I had to read this report by Rob Daly twice, check the posting date wasn’t 1st April and then go check other sources. Apparently, Google is attempting to patent the concept of a datacenter-on-a-boat! The US patent application also includes details on how it will be powered - by wave power of course. (Rob's article goes even further by discussing the opportunity not yet patented by Google for a datacenter in orbit).
I will pass over my own concerns about what I see as the long standing and on-going abuse of the patent concept for this class of business ideas (Imagine if somebody had patented the concept to laptops or worse still, patented putting toilets on airplanes – which is closer in originality to this one!) and focus on the core issues. Yes, I can see why floating data center may have certain advantages in terms of land costs and cooling issues (no property tax and all that cold sea-water close at hand). However, I would wonder whether the extra costs would out-weigh these.

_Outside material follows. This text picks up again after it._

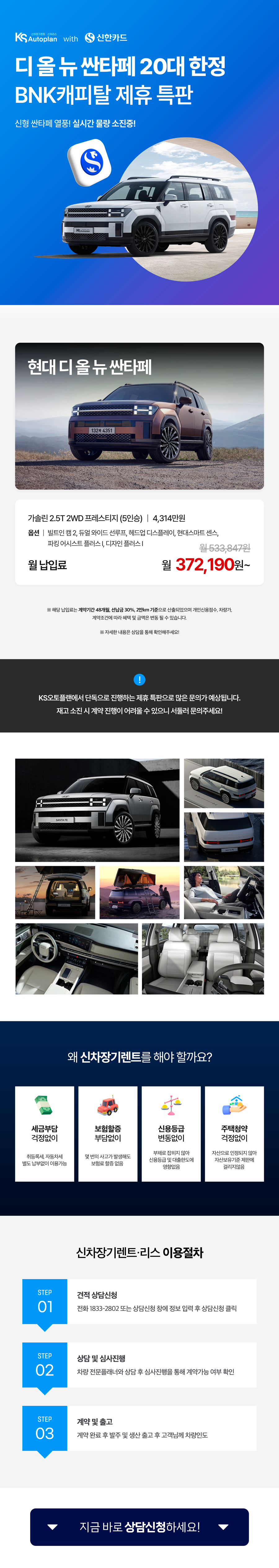[현대 디 올 뉴 싼타페] KS오토플랜 x 신한카드 제휴 특판
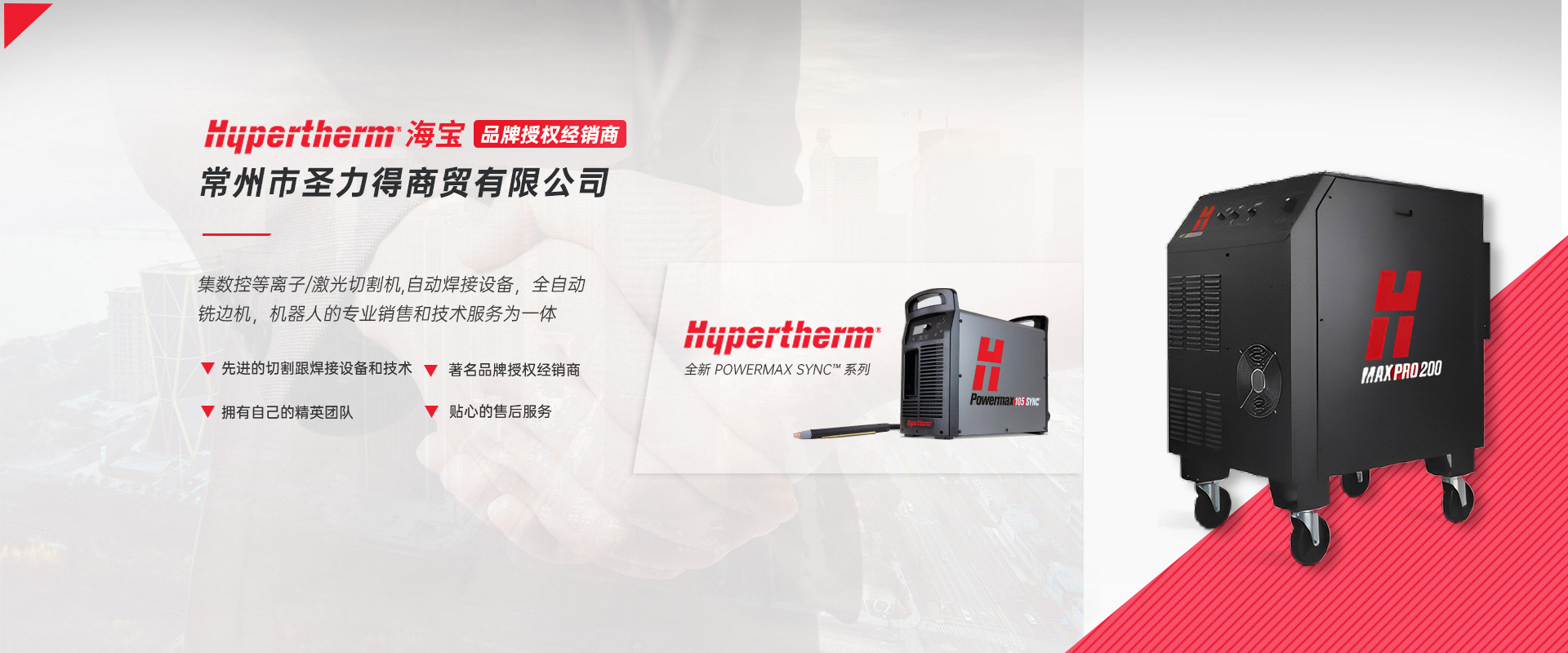 常州市圣力得商贸有限公司是一家集数控等离子/激光切割机,自动焊接设备,全自动铣边机,机器人的专业销售和技术服务为一体的公司。本公司是世界品牌Hypertherm(美国海宝)公司的授权经销商。 公司是一支技术稳定、服务优良、富有朝气的精英团队。公司致力于将国外先进的切割跟焊接设备和技术介绍给中国的机器制造商和终端用户,并为用户提供品质的产品和完善的售后服务?! 」局饕硪韵虏罚骸 ?.美国海宝Hypertherm等离子机用电源,手持电源,原装易损件及备件 2.韩国赛拉科(CERACO)铣边机,南京顶瑞自动焊接小车 3.迈誓坦(MicroStep),日本田中(TANAKA),武汉法利莱(FARLEY-LASERLAB),江苏博大品牌等离子切割机,激光切割机及维修配件。 4.美国海宝,美国飞马特,凯尔贝等原装正品易损件及配件 5.激光切割机,等离子切割机,火焰切割机升级,安装与调试及技术升级改造项目 6.机器人焊/切生产线 热忱欢迎广大用户前来询价及洽谈。

Which suggests to me that the main ‘benefit’ may turn out to be avoidance of data privacy laws. However, even this benefit is not going to work in many parts of the world. For instance, European data privacy laws stop export of personal data to locations not covered by similar laws (and Swiss banking laws famosly go much further). Add to that the rather obvious risk of attack and natural disaster on these datacenter vessels and the further risk that they get used to store data associated with illicit activities which would obviously benefit with extra-territorial locations, makes it all seem rather pie-in-the-sky. I guess I now know what the Google patent team do with their “20% time on your own projects”.